→ EXERCISE
The answer must reproduce all of the data below exactly and contain no images.

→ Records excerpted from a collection
┌──
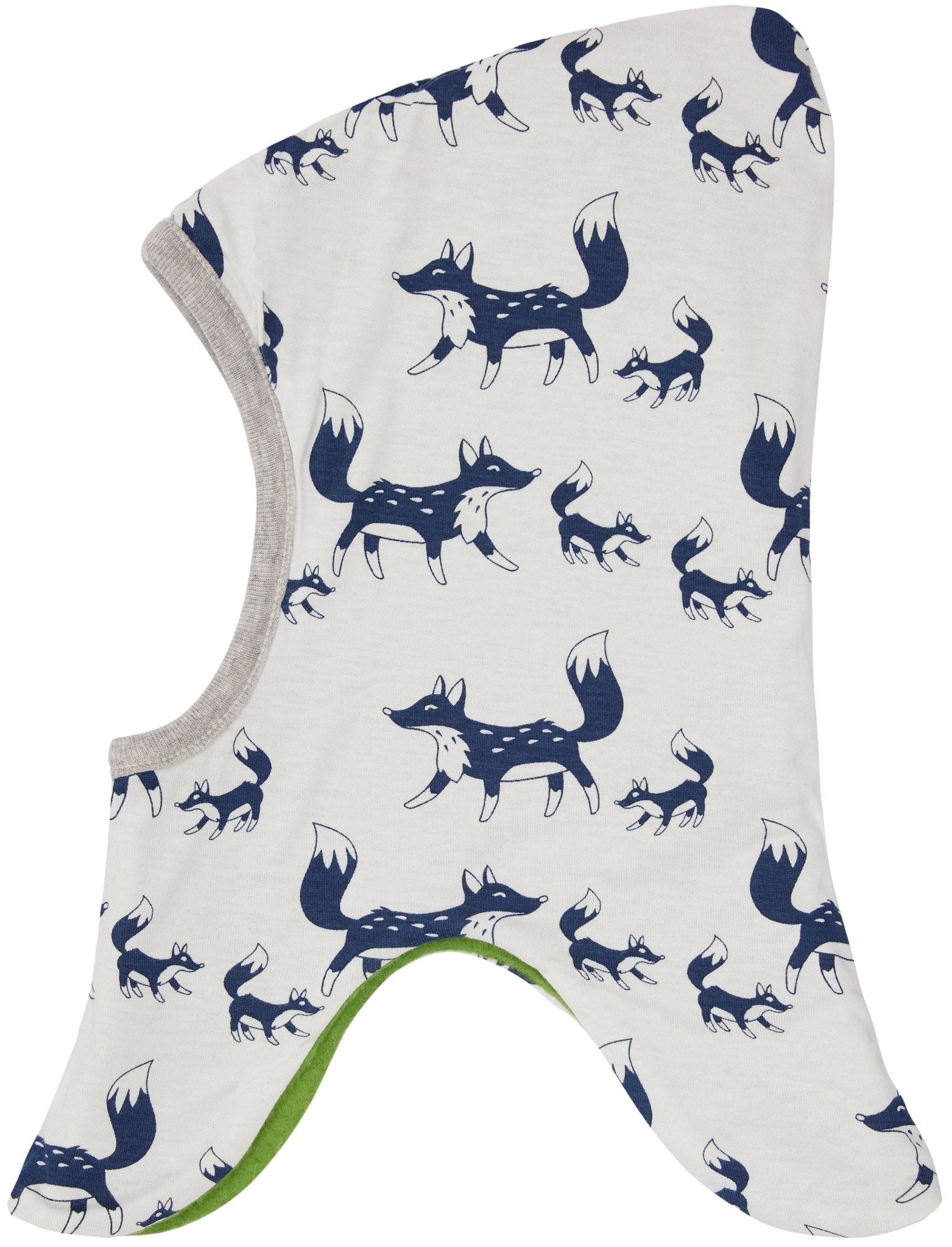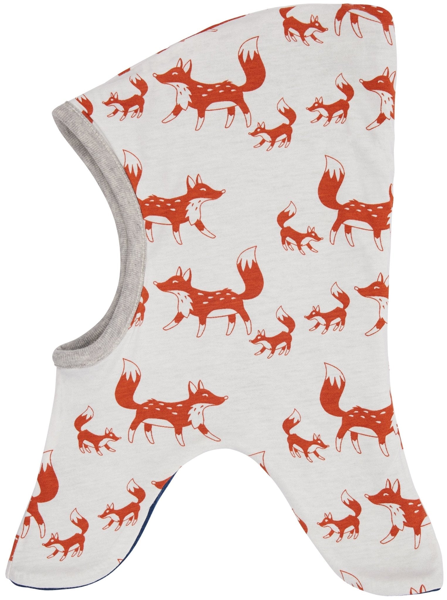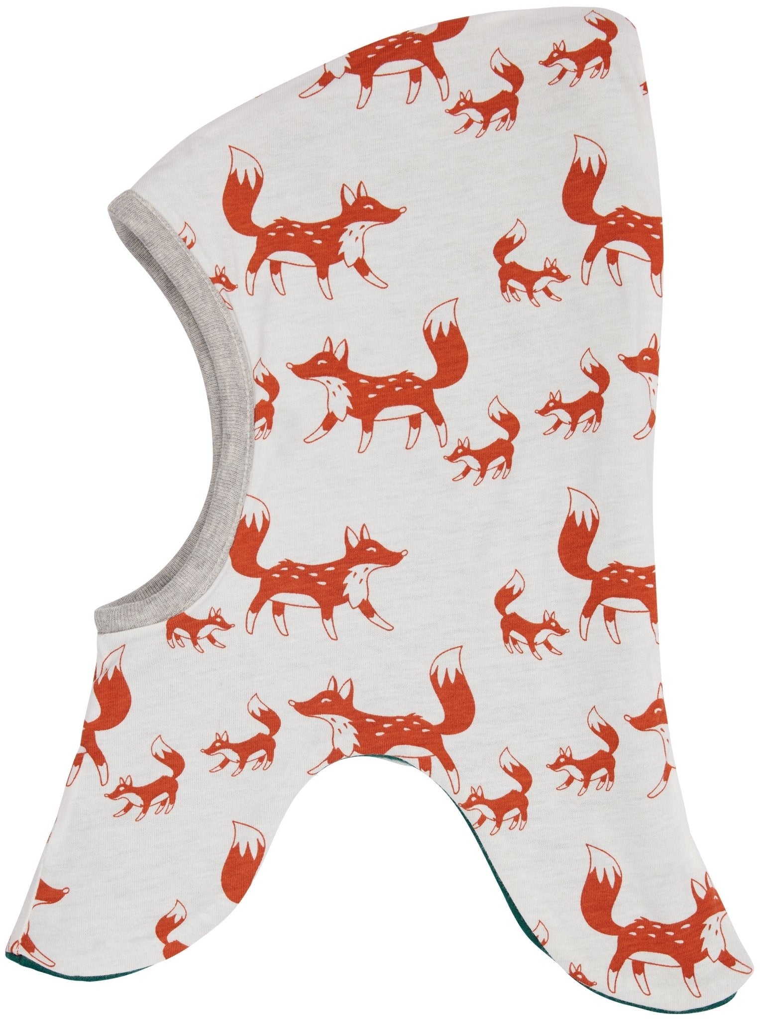 Weiche Schlupfmütze aus Baumwoll-Fleece zum Wenden. Eine Seite ist aus bedrucktem Jersey, die andere Seite aus Fleece gefertigt. Vorne Logo-Etikett, hinten mit Fähnchen. Made in Portugal. Waschbar bei 30°C.
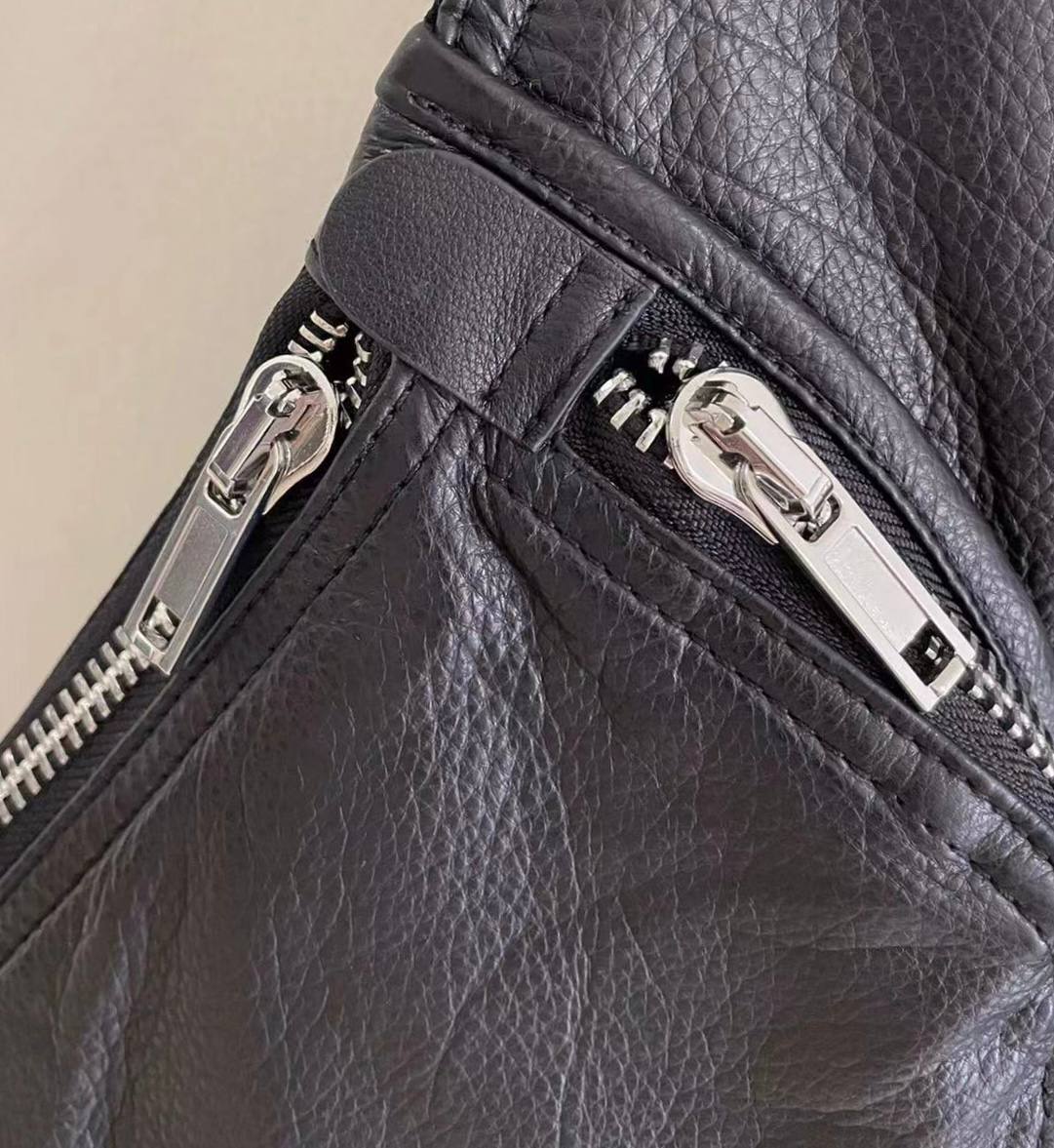 the Bauhaus Leather Vest features two shoulder straps, an open-front waistcoat style and two large cargo pockets with silver-tone hardware.
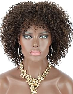 Kalyss 8' Synthétique Court Afro Kinky Curly Perruques pour les Femmes Noires Perruques Réalistes Marron Bouclés avec Frange de Cheveux Léger Doux Bouclés Bouclés Perruques Cheveux (Brown Highlights)
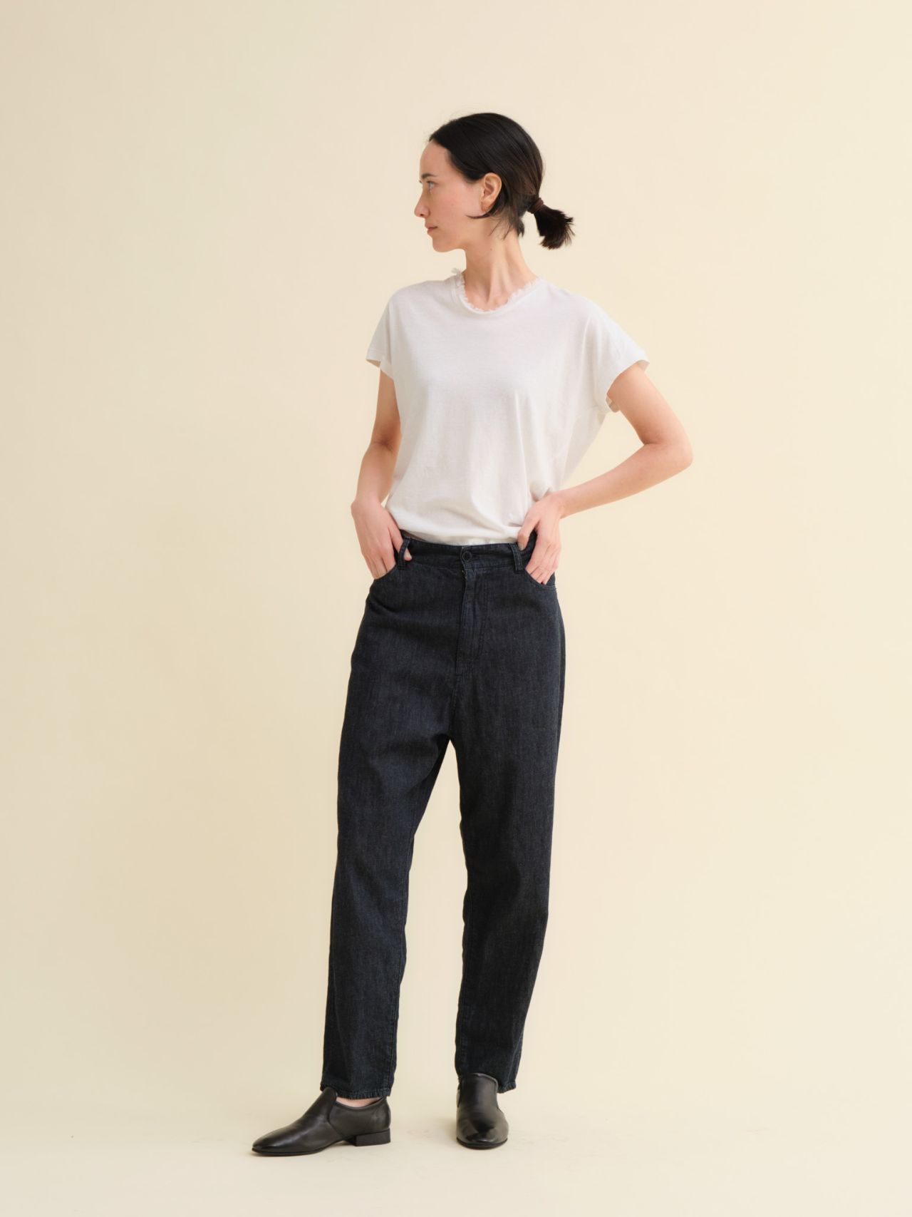 従来のストーンウォッシュは多量の石を使用するため過酷な作業だったが、ドライウォッシュは人的災害の軽減も実現されている、地球にやさしいサスティナブル加工。
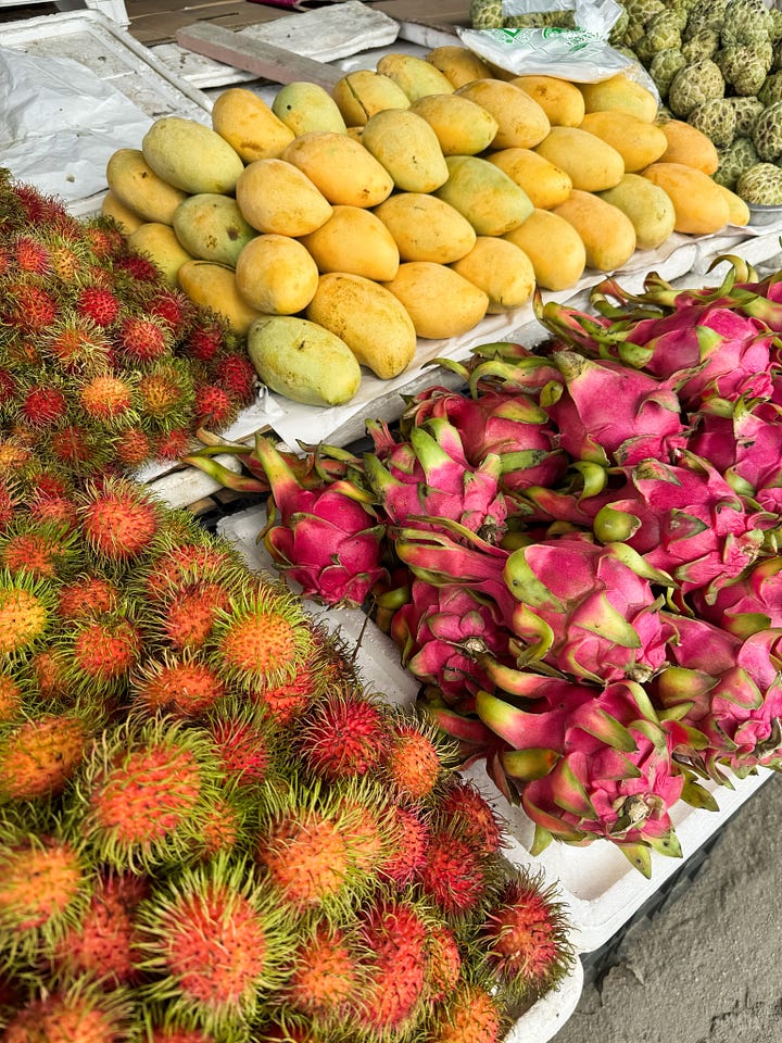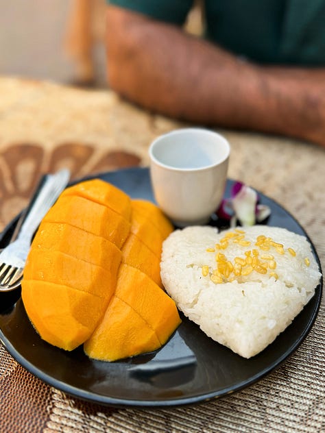 The food was delicious in Koh Samui and I had lots of vegetarian options. We ate mango sticky rice, spring rolls, cashew nut stir fry, fried rice, tofu with ginger and Thai basil and we drank coconut after coconut after coconut. 🥥 One afternoon we went on our own fruit tour and tried durian (awful with a capital A…IYKYK!), mangosteen (delish), lychee (lush), and rambutan (a less lush version of lychee). The fruit here is on a different level and I’m enjoying it every day!
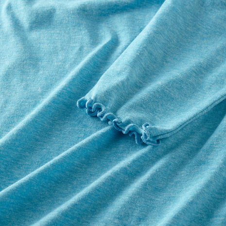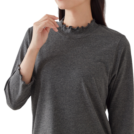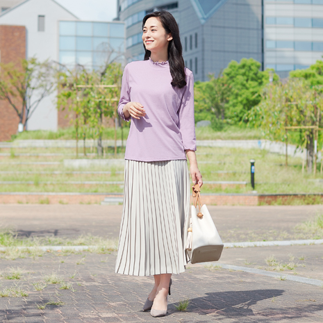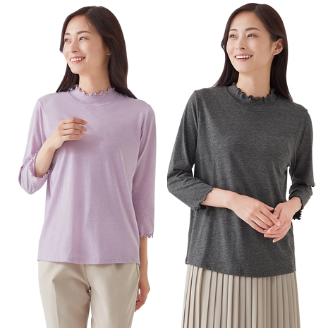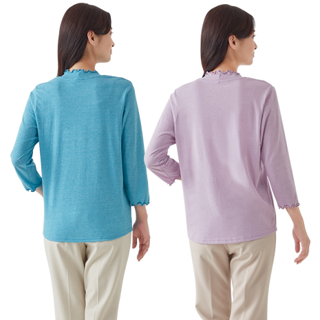 パンツにもスカートにも合わせやすく、お腹周りがすっきり見える丈感です。襟元と袖口は優しいメロー使い。綿の優しさとポリエステルのさらりとした肌ざわりを併せ持つ着心地の良さ。ひじまで隠れる7分袖です。
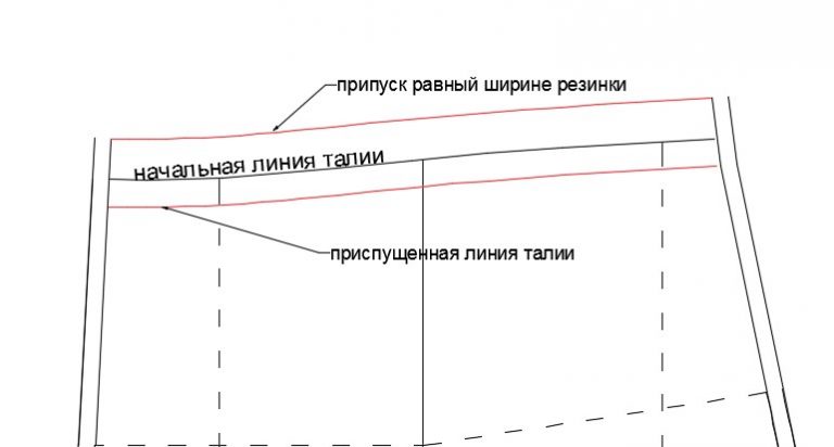 Опустила линию талии на 2 см. От новой талии вверх откладываю ширину резинки, которую буду пришивать, здесь 5 см. Красные линии на рисунке. [x413]/www.rudenko-anna.ru/wp-content/uploads/2017/07/Screenshot_22-300x161.jpg" target="_blank">http://www.rudenko-anna.ru/wp-content/uploads/2017/07/Screenshot_22-300x161.jpg 300w, http://www.rudenko-anna.ru/wp-content/uploads/2017/07/Screenshot_22-768x412.jpg 768w" width="770" /> |
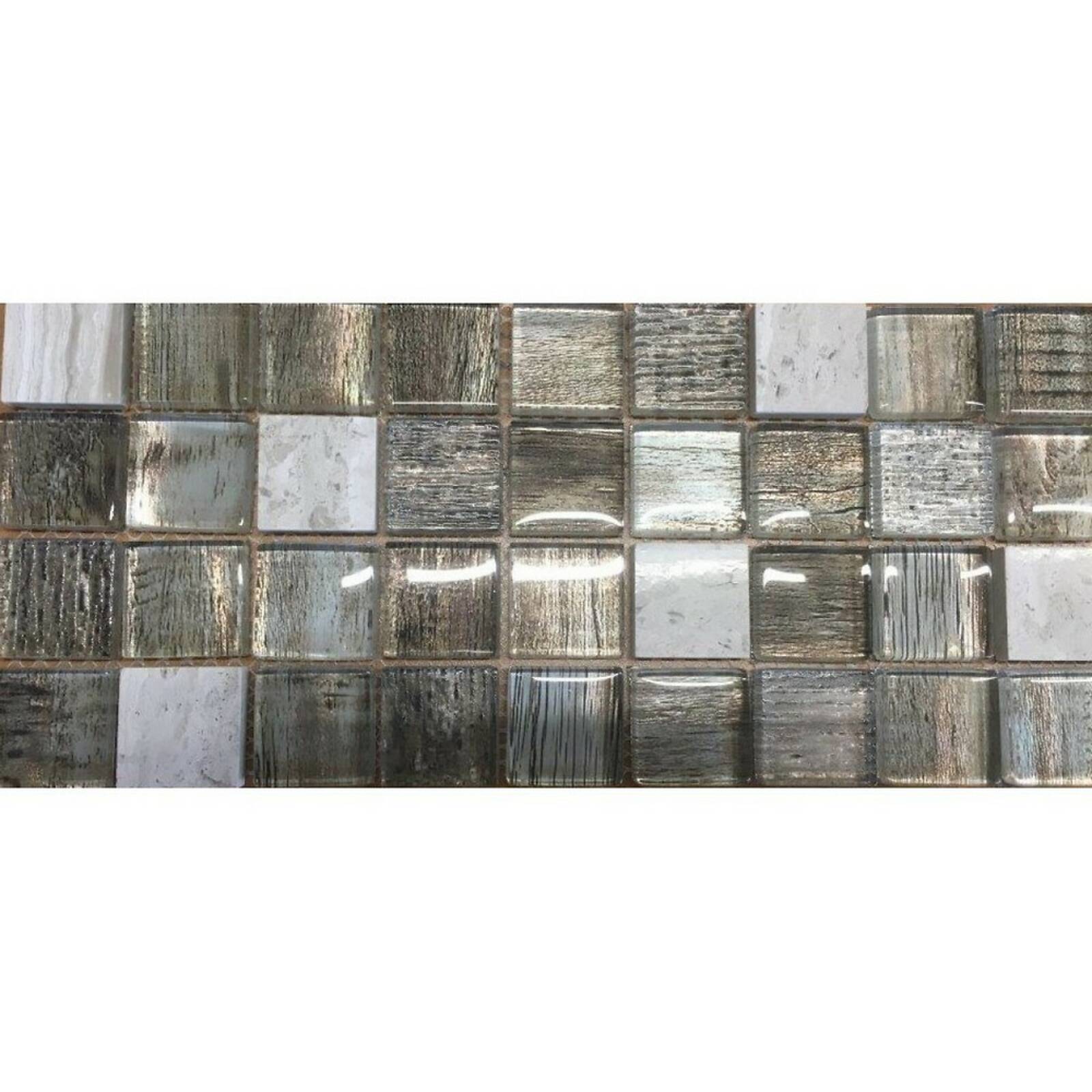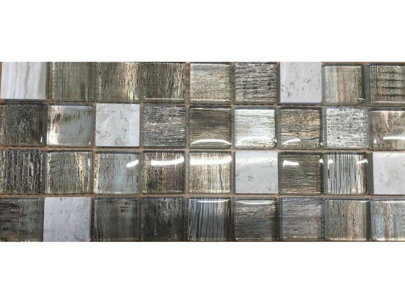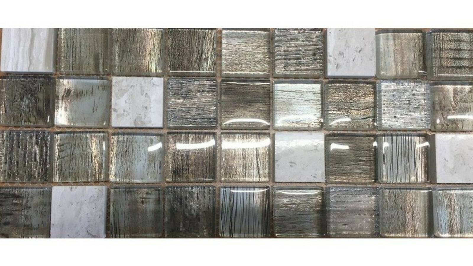 Мозаика из стекла и камня, серия Uland, цвет: серый, серебряный, бежевый, размер чипа (мм): 30x30
└──
→ ANSWER SPACE
 Weiche Schlupfmütze aus Baumwoll-Fleece zum Wenden. Eine Seite ist aus bedrucktem Jersey, die andere Seite aus Fleece gefertigt. Vorne Logo-Etikett, hinten mit Fähnchen. Made in Portugal. Waschbar bei 30°C.
 the Bauhaus Leather Vest features two shoulder straps, an open-front waistcoat style and two large cargo pockets with silver-tone hardware.
 Kalyss 8' Synthétique Court Afro Kinky Curly Perruques pour les Femmes Noires Perruques Réalistes Marron Bouclés avec Frange de Cheveux Léger Doux Bouclés Bouclés Perruques Cheveux (Brown Highlights)
 従来のストーンウォッシュは多量の石を使用するため過酷な作業だったが、ドライウォッシュは人的災害の軽減も実現されている、地球にやさしいサスティナブル加工。
 The food was delicious in Koh Samui and I had lots of vegetarian options. We ate mango sticky rice, spring rolls, cashew nut stir fry, fried rice, tofu with ginger and Thai basil and we drank coconut after coconut after coconut. 🥥 One afternoon we went on our own fruit tour and tried durian (awful with a capital A…IYKYK!), mangosteen (delish), lychee (lush), and rambutan (a less lush version of lychee). The fruit here is on a different level and I’m enjoying it every day!
 パンツにもスカートにも合わせやすく、お腹周りがすっきり見える丈感です。襟元と袖口は優しいメロー使い。綿の優しさとポリエステルのさらりとした肌ざわりを併せ持つ着心地の良さ。ひじまで隠れる7分袖です。
 Опустила линию талии на 2 см. От новой талии вверх откладываю ширину резинки, которую буду пришивать, здесь 5 см. Красные линии на рисунке. [x413]/www.rudenko-anna.ru/wp-content/uploads/2017/07/Screenshot_22-300x161.jpg" target="_blank">http://www.rudenko-anna.ru/wp-content/uploads/2017/07/Screenshot_22-300x161.jpg 300w, http://www.rudenko-anna.ru/wp-content/uploads/2017/07/Screenshot_22-768x412.jpg 768w" width="770" /> |
 Мозаика из стекла и камня, серия Uland, цвет: серый, серебряный, бежевый, размер чипа (мм): 30x30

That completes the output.